Task item: Below is a listing to copy exactly; no image goes into the copy.

::: Provided data

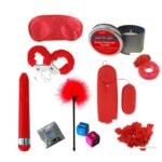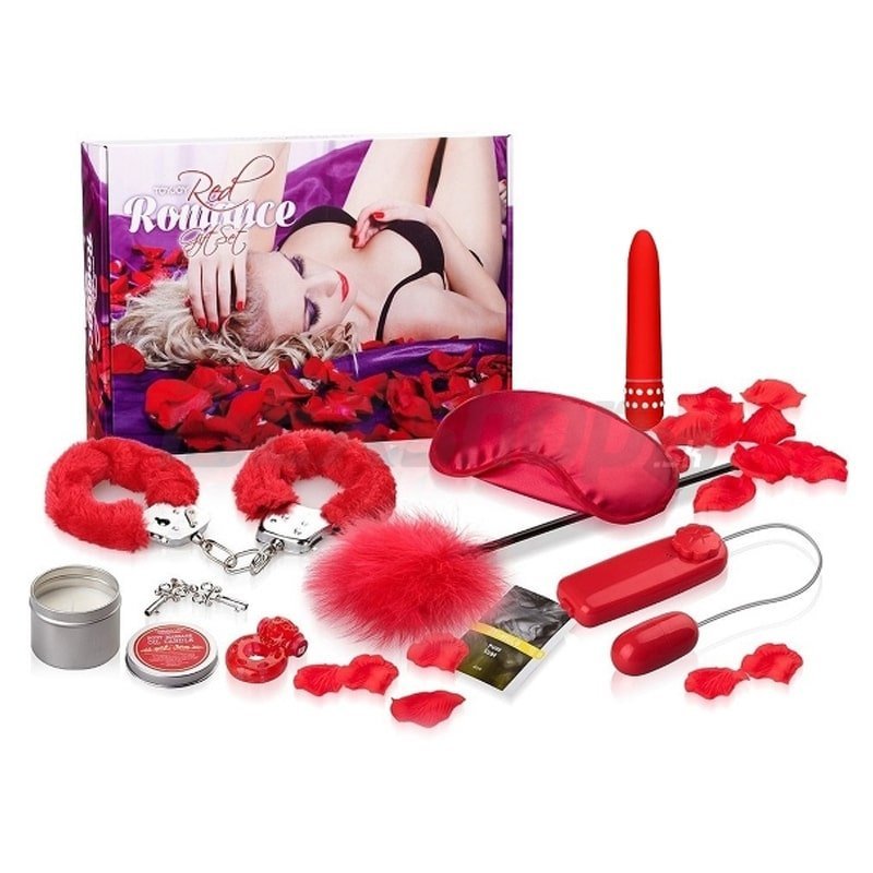 Romance – poklon set od 9 delova uključuje: lisice,vibrator, vibro jaje, golicaljku, masku za oči, vibro prsten, sveću za masažu, lubrikant i latice ruže.
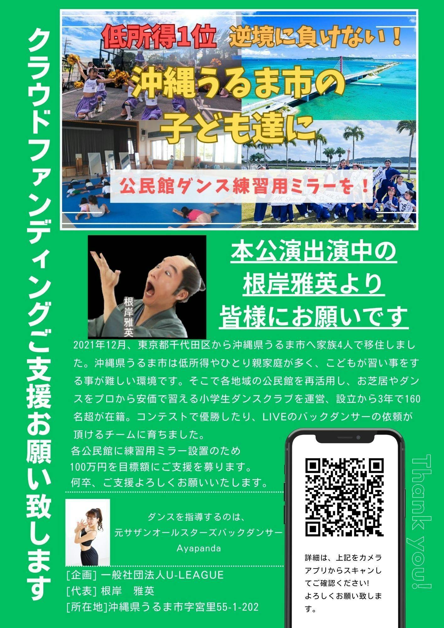 私、根岸雅英が出演しました神田時来組本公演『究極版!そして龍馬は殺された』の全座席に、クラウドファンディング支援のお願いチラシを折り込んで頂きました。
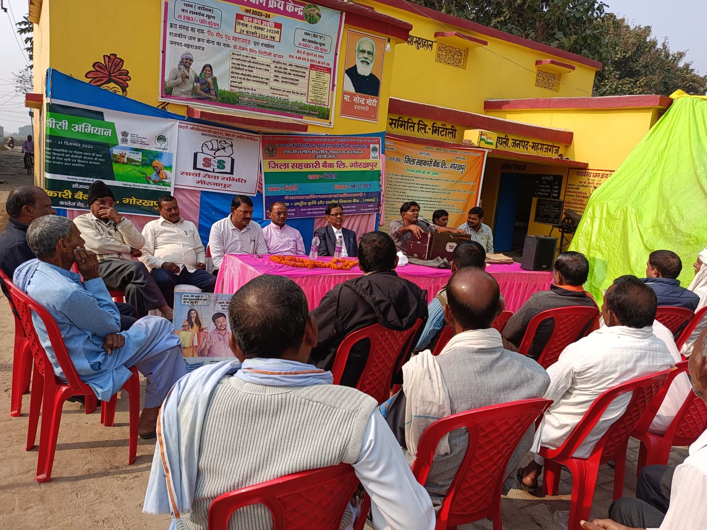 महराजगंज ( राष्ट्र की परम्परा)। जिला सहकारी बैंक लिमिटेड गोरखपुर के तत्वावधान में भिटौली साधन सहकारी समिति पर नाबार्ड द्वारा एक दिवसीय वित्तीय साक्षरता शिविर का आयोजन शनिवार को किया गया। जिसकी अध्यक्षता भिटौली साधन सहकारी समिति के अध्यक्ष ठाकुर प्रसाद रौनियार ने किया। मुख्य अतिथि जिला सहकारी बैंक भिटौली के शाखा प्रबंधक हरिश्चंद्र वर्मा रहें। बतौर मुख्य अतिथि ने अपने संबोधन में किसानों को केसीसी ऋण, पशुपालन व मत्स्य पालन पर केसीसी ऋण,इफको खाद के प्रत्येक बोरी पर चार हजार रुपए का दुर्घटना बीमा, प्रधानमंत्री फसल बीमा, प्रधानमंत्री जीवन ज्योति, प्रधानमंत्री सुरक्षा बीमा, कैशलेश ट्रांजेक्शन ,समिति के सदस्य कैसे बनें, एटीएम कार्ड के प्रयोग एवं सावधानियों के बारे में किसानों को बताया। श्याम अचल ने लोकगीत के माध्यम से किसानों को जागरूक किया। इस दौरान समिति के सचिव रामरतन चौधरी, सहायक सचिव राजबहादुर यादव, लिपिक हरिश्चंद्र यादव, सुशील शुक्ल,ग्राम प्रधान स्वामीनाथ गुप्ता, पूर्व प्रधान आशीष गौतम, सुग्रीव चौबे, ओमप्रकाश चौबे, सुखराज यादव , व्यास मुनि,मिश्री लाल,मुनीब चंद्र,हदीश अली सहित तमाम लोग मौजूद रहें।

::::::

Task result:
 Romance – poklon set od 9 delova uključuje: lisice,vibrator, vibro jaje, golicaljku, masku za oči, vibro prsten, sveću za masažu, lubrikant i latice ruže.
 私、根岸雅英が出演しました神田時来組本公演『究極版!そして龍馬は殺された』の全座席に、クラウドファンディング支援のお願いチラシを折り込んで頂きました。
 महराजगंज ( राष्ट्र की परम्परा)। जिला सहकारी बैंक लिमिटेड गोरखपुर के तत्वावधान में भिटौली साधन सहकारी समिति पर नाबार्ड द्वारा एक दिवसीय वित्तीय साक्षरता शिविर का आयोजन शनिवार को किया गया। जिसकी अध्यक्षता भिटौली साधन सहकारी समिति के अध्यक्ष ठाकुर प्रसाद रौनियार ने किया। मुख्य अतिथि जिला सहकारी बैंक भिटौली के शाखा प्रबंधक हरिश्चंद्र वर्मा रहें। बतौर मुख्य अतिथि ने अपने संबोधन में किसानों को केसीसी ऋण, पशुपालन व मत्स्य पालन पर केसीसी ऋण,इफको खाद के प्रत्येक बोरी पर चार हजार रुपए का दुर्घटना बीमा, प्रधानमंत्री फसल बीमा, प्रधानमंत्री जीवन ज्योति, प्रधानमंत्री सुरक्षा बीमा, कैशलेश ट्रांजेक्शन ,समिति के सदस्य कैसे बनें, एटीएम कार्ड के प्रयोग एवं सावधानियों के बारे में किसानों को बताया। श्याम अचल ने लोकगीत के माध्यम से किसानों को जागरूक किया। इस दौरान समिति के सचिव रामरतन चौधरी, सहायक सचिव राजबहादुर यादव, लिपिक हरिश्चंद्र यादव, सुशील शुक्ल,ग्राम प्रधान स्वामीनाथ गुप्ता, पूर्व प्रधान आशीष गौतम, सुग्रीव चौबे, ओमप्रकाश चौबे, सुखराज यादव , व्यास मुनि,मिश्री लाल,मुनीब चंद्र,हदीश अली सहित तमाम लोग मौजूद रहें।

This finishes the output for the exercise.